* **Records to use**:
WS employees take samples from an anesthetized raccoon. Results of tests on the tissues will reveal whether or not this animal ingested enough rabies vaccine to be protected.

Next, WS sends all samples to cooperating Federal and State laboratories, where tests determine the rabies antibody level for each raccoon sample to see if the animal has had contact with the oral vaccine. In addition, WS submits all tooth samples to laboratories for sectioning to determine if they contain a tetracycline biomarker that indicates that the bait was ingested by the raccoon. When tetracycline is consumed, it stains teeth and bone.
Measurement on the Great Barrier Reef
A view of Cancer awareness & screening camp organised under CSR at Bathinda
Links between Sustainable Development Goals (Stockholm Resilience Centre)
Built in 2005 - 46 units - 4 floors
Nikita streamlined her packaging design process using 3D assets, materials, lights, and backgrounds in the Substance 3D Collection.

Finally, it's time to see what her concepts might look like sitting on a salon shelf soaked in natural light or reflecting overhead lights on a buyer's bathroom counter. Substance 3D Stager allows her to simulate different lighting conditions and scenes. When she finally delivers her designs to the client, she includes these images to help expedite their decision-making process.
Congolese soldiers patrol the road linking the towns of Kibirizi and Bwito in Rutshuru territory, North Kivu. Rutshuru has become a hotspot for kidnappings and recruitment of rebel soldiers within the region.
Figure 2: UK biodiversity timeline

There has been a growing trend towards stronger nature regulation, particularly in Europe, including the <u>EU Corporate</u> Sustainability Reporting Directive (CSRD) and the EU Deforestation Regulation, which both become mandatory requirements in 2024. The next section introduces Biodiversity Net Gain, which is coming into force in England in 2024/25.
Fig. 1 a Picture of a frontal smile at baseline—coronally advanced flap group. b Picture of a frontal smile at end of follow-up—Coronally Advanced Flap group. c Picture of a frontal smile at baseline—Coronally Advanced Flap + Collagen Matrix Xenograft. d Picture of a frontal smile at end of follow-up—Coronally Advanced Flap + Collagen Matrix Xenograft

* **Exercise aim**: From the records above, pull every line that carries the word "animal".

* **Solution for this task**:
WS employees take samples from an anesthetized raccoon. Results of tests on the tissues will reveal whether or not this animal ingested enough rabies vaccine to be protected.
Next, WS sends all samples to cooperating Federal and State laboratories, where tests determine the rabies antibody level for each raccoon sample to see if the animal has had contact with the oral vaccine. In addition, WS submits all tooth samples to laboratories for sectioning to determine if they contain a tetracycline biomarker that indicates that the bait was ingested by the raccoon. When tetracycline is consumed, it stains teeth and bone.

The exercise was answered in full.